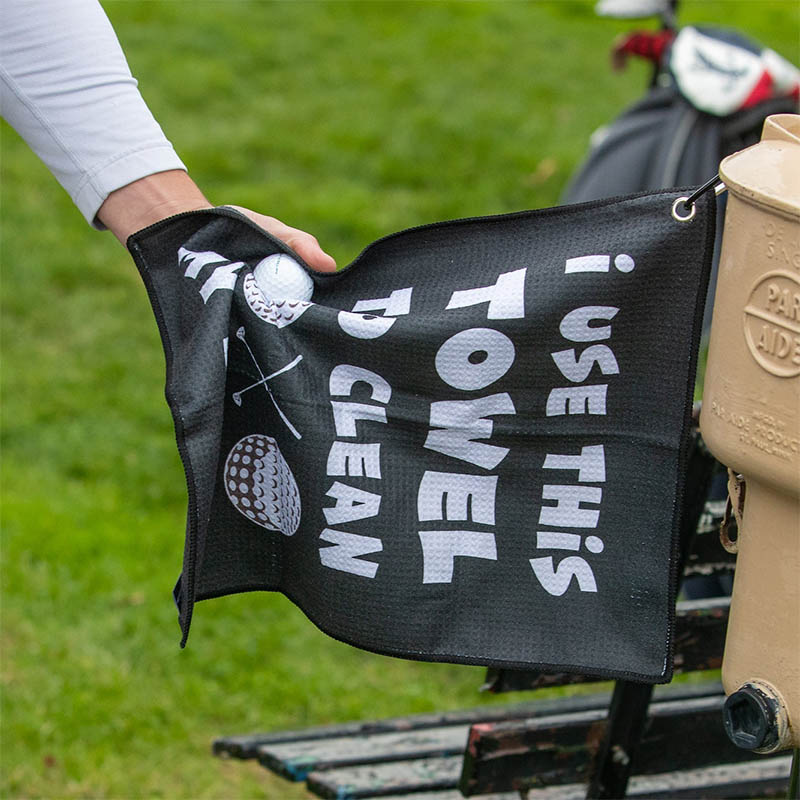 黑色趣味印字高尔夫球毛巾球具清洁巾Golf球杆巾运动巾挂件擦球巾
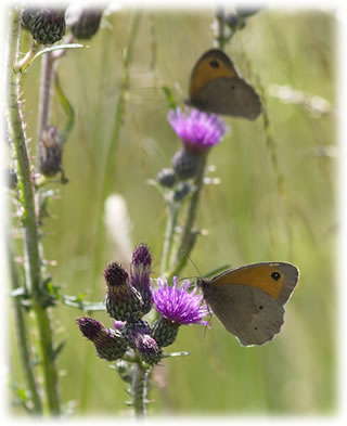 ![]() Bottervageljohr 2018 In de verleden Johrn sünd uns flegen Insekten gewaltig trüchgahn. Dorüm hebbt wi düt Johr en Kalenner uns Bottervagels toegnet. Thomas Seemann hett för en Fotokalenner (rutbröcht vun sien Team "Tandem"/OBW) de schöönsten Bottervagelfotos tohoopstellt. Wi bringt de Fotos hier, stellt de Bottervagels vör un ehrt ehr mit en Vers. Se köönt de Fotos per Klick vergröttern. Trüch kaamt Se denn mit den Zurück-Knoop op de Browser-Symboolliest. Bottervagel vun'n Maimaand: vun Thomas Seemann un Marlou Lessing Dat Ossenoog is en "Ogenfalter", woso, dat is glieks to kennen. Wat so sünnerlich as en Oog wirkt, is de lierlütte witte Fleck merrn in dat swatte Oog. All Ogenfalters höört to de Eddelfalters, man nich all Bottervagels, de "Ogen" op de Flünken hebbt, sünd Ogenfalter. Hier is dat en Heken, dat sik op den Sünnenhoot den Buuk vulllsleit. De Sünnenhoot kümmt ut Noordamerika un is en heel beleevte Goornplant bi uns worrn. Ok dat Ossenoog is in Noordamerika tohuus, avers ok in Europa un Asien op de ganze Noordhalvkugel, 'neem dat Klima nich to koolt is. Sien Rupen bruukt Gräser to'n Freten, un apen, aartenrieke Graswischen warrt ror in uns Agrarwöösten. Noch is dat Ossenoog nich bedrauht, avers dat kümmt langsam ünner Druck. De Ogenfleck Woso hebbt Falter eentlich düsse opfallen Flüchten, woto deent dat "Oog"? Nu, bi all düsse Falter kannst sehn, dat de Bövensied vun de Flünken opfällig tekent is, de Ünnersied avers heel unopfällig. Dat is in dat Bild baven good to kennen. De Trick is ganz eenfach: De Ünnersiet is för de Tarnung wenn se t.B. an en Boomstamm sitt, denn is so'n Ossenoog reinweg nich to kennen. Hett avers jichenseen Fiend ehr liekers utfunnen un drauht ehr to freten ja denn foolt se de Flüchten uteneen, un de Fiend kiekt miteens in de "Ogen" vun en veel grötter Deert, kriggt dat mit de Angst to doon un neiht ut. De Bövensiet is also to Afschreckung! Dat Bild nerrn wiest en Ossenoog-Heken mit opslaan Flünken. Kiekt Se dör de Wimpern, denn köönt Se sik en anner Deert vörstelln, dat Se ankiekt.
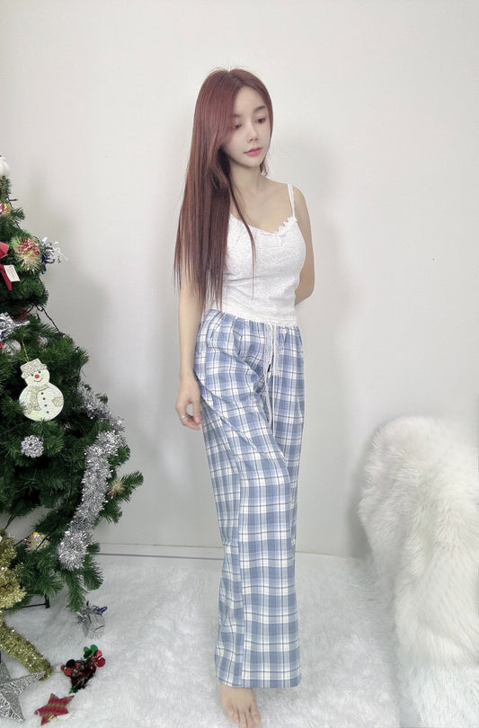 การลดราคาNENE - 蕾絲帶格子休閒褲 3009#

▶ _What is needed_: Apart from the images, every line above needs to be printed again exactly.

▶ _Answer space_:
 黑色趣味印字高尔夫球毛巾球具清洁巾Golf球杆巾运动巾挂件擦球巾
 ![]() Bottervageljohr 2018 In de verleden Johrn sünd uns flegen Insekten gewaltig trüchgahn. Dorüm hebbt wi düt Johr en Kalenner uns Bottervagels toegnet. Thomas Seemann hett för en Fotokalenner (rutbröcht vun sien Team "Tandem"/OBW) de schöönsten Bottervagelfotos tohoopstellt. Wi bringt de Fotos hier, stellt de Bottervagels vör un ehrt ehr mit en Vers. Se köönt de Fotos per Klick vergröttern. Trüch kaamt Se denn mit den Zurück-Knoop op de Browser-Symboolliest. Bottervagel vun'n Maimaand: vun Thomas Seemann un Marlou Lessing Dat Ossenoog is en "Ogenfalter", woso, dat is glieks to kennen. Wat so sünnerlich as en Oog wirkt, is de lierlütte witte Fleck merrn in dat swatte Oog. All Ogenfalters höört to de Eddelfalters, man nich all Bottervagels, de "Ogen" op de Flünken hebbt, sünd Ogenfalter. Hier is dat en Heken, dat sik op den Sünnenhoot den Buuk vulllsleit. De Sünnenhoot kümmt ut Noordamerika un is en heel beleevte Goornplant bi uns worrn. Ok dat Ossenoog is in Noordamerika tohuus, avers ok in Europa un Asien op de ganze Noordhalvkugel, 'neem dat Klima nich to koolt is. Sien Rupen bruukt Gräser to'n Freten, un apen, aartenrieke Graswischen warrt ror in uns Agrarwöösten. Noch is dat Ossenoog nich bedrauht, avers dat kümmt langsam ünner Druck. De Ogenfleck Woso hebbt Falter eentlich düsse opfallen Flüchten, woto deent dat "Oog"? Nu, bi all düsse Falter kannst sehn, dat de Bövensied vun de Flünken opfällig tekent is, de Ünnersied avers heel unopfällig. Dat is in dat Bild baven good to kennen. De Trick is ganz eenfach: De Ünnersiet is för de Tarnung wenn se t.B. an en Boomstamm sitt, denn is so'n Ossenoog reinweg nich to kennen. Hett avers jichenseen Fiend ehr liekers utfunnen un drauht ehr to freten ja denn foolt se de Flüchten uteneen, un de Fiend kiekt miteens in de "Ogen" vun en veel grötter Deert, kriggt dat mit de Angst to doon un neiht ut. De Bövensiet is also to Afschreckung! Dat Bild nerrn wiest en Ossenoog-Heken mit opslaan Flünken. Kiekt Se dör de Wimpern, denn köönt Se sik en anner Deert vörstelln, dat Se ankiekt.
 การลดราคาNENE - 蕾絲帶格子休閒褲 3009#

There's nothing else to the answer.